General Mills has insisted it is upbeat about the prospects for its US cereal and yoghurt businesses, its two largest in the country and under scrutiny from analysts.

The Cheerios cereal and Yoplait yoghurt owner yesterday (19 December) reported higher first-half sales and profits but said sales from its domestic Big G cereals and Yoplait yoghurt divisions fell.

Barclays Capital analyst Andrew Lazar described the performance from the two businesses as "weak". Alexia Howard at Sanford Bernstein, meanwhile, said the results were "sluggish".

Speaking to analysts after the first-half figures were published, Ian Friendly, COO of General Mills' US retail business, was optimistic about the outlook for the company's domestic cereal arm despite the fall in sales over the last six months.

"Now I'm sure you noticed that our first half cereal net sales and market share were below year-ago levels. Other players in the category had more merchandising activity in the first half of the year," Friendly told analysts. "We've got more merchandising planned for the second half, including introductory support for our new items. With a great lineup of new products and strong levels of marketing support behind new and established brands, we remain very excited about our US cereal business, and we expect sales growth for Big G in the second half of this year."

The US yoghurt sector has seen rapid growth in recent years, driven by the booming Greek yoghurt segment. However, analysts have expressed concern over the distribution General Mills has secured for its yoghurt products and the company remains far behind rivals Danone and category leader Chobani.

General Mills has launched a range of products and invested more in marketing its yoghurt. Friendly insisted General Mills had seen "signs of stabilisation" for its core Yoplait business and was increasing its share of the buoyant Greek segment.

General Mills is set to launch more Yoplait yoghurt products and invest more behind a second brand, Liberté, including the roll out of a Greek line.

"We expect to see increasing momentum across our US yogurt business in the second half of this year," Friendly said. "It's a very volatile category.
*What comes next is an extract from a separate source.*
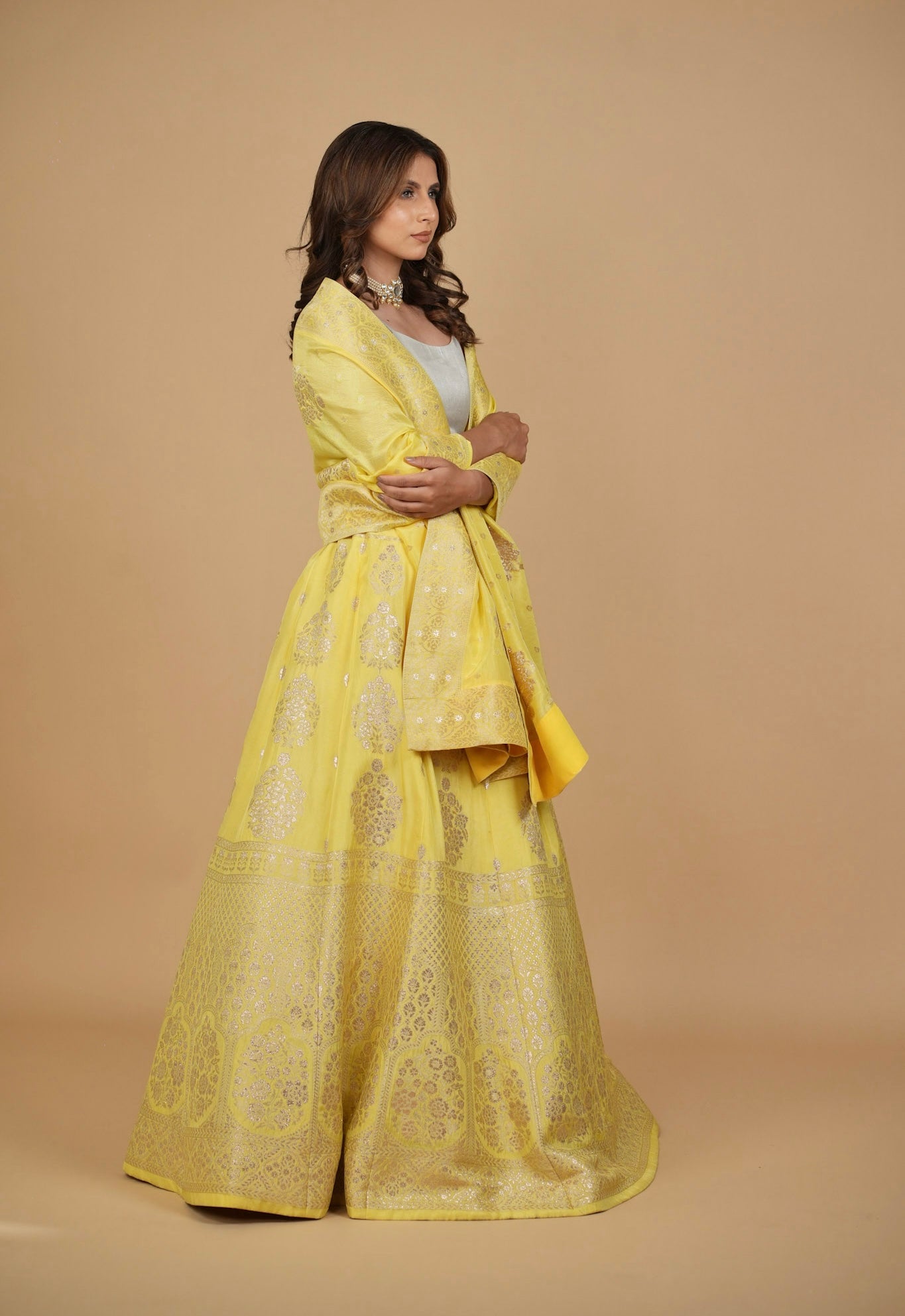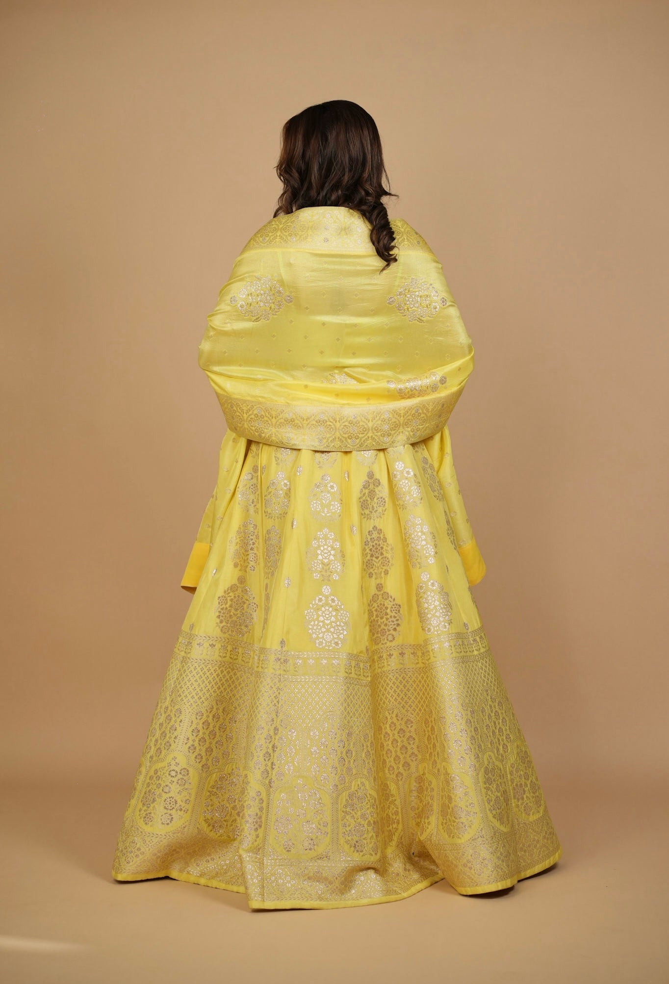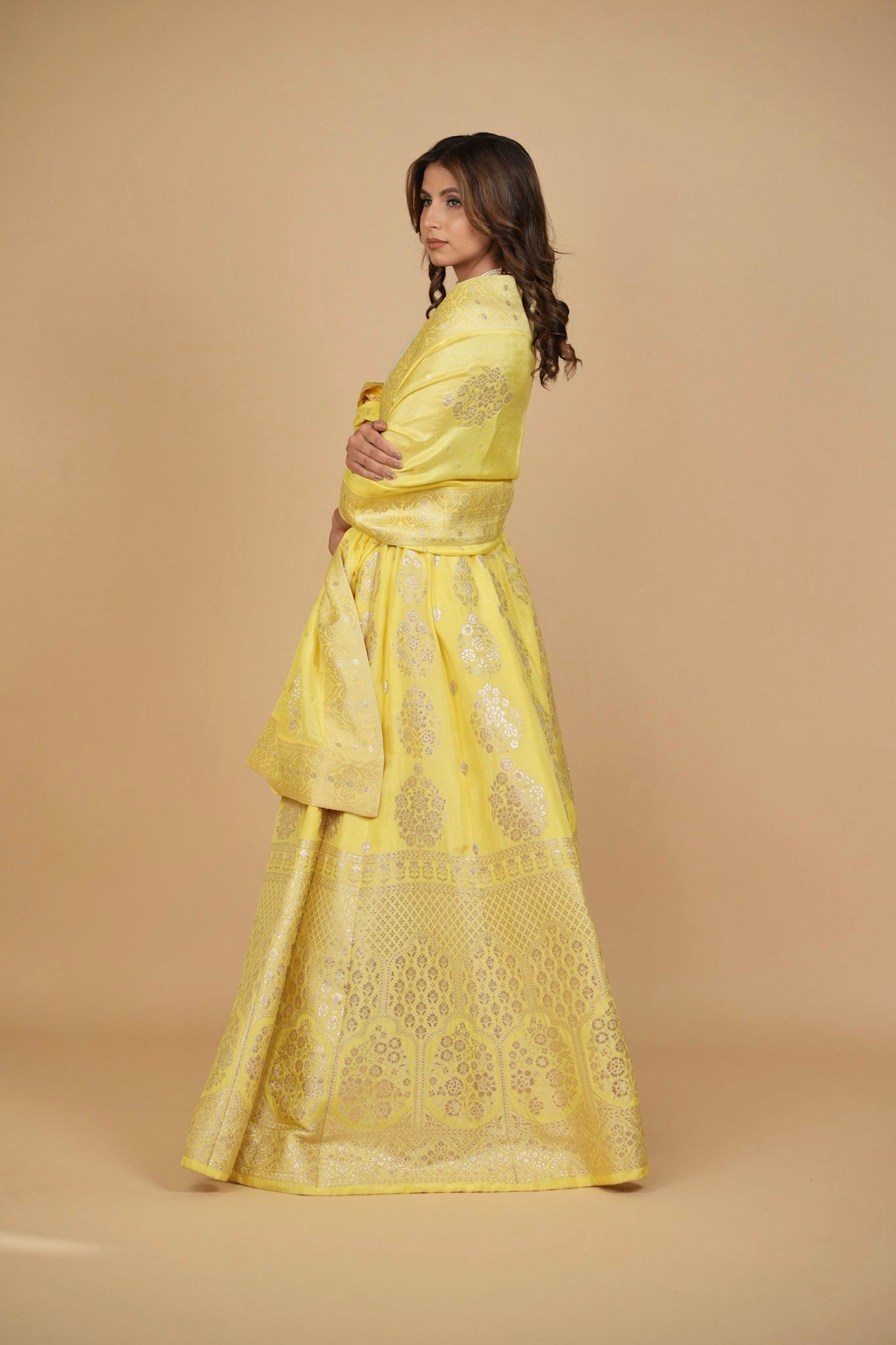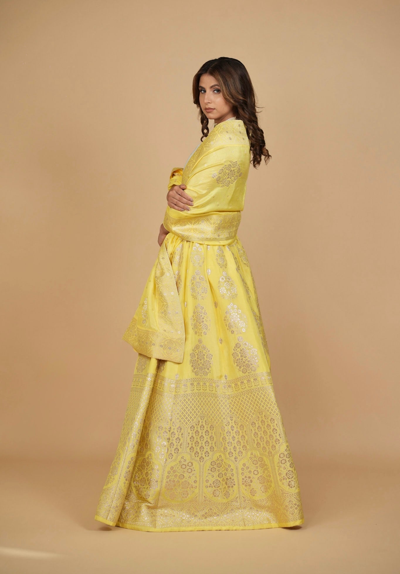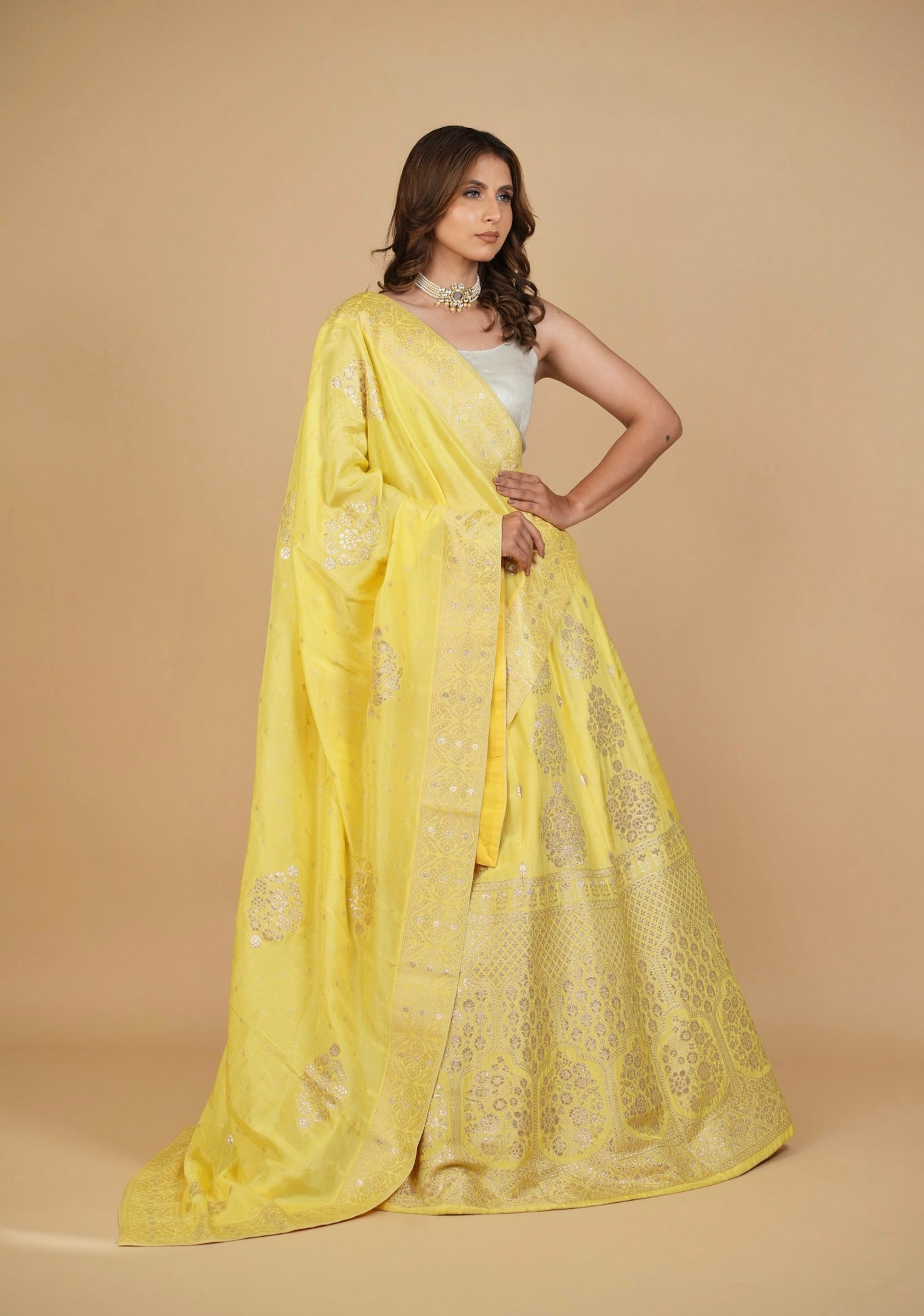 LIGHT YELLOW BANARASI LEHENGA WITH DUPATTA AND MONOTONE BLOUSE

I think the jury is out. We'll have to look in May to see if for the year, how it all nets out. I would expect that every period in the back half gets better. As I shared in my remarks, our Greek business seems to be really gaining nice traction, and our core business is stabilizing well. So I'm guardedly optimistic around our share in the back half. But I think we're still kind of progressing from what had been a more challenging place."

In a note to investors, Howard said General Mills, which upped its target for annual adjusted earnings per share, was "hitting its bottom-line financial guidance solidly".

However, she added: "Organic sales growth remains sluggish, mainly due to competitive dynamics in US cereals and yogurt. Since these are the two largest categories in the US, it will be important for the company to stabilise and begin to reverse these trends early in 2013 without triggering further price actions by competitors. If innovation is successfully adopted by consumers, this may be feasible as trends are improving sequentially in yogurt, but we see more risk here than for other companies that are facing less intense competitive pressures."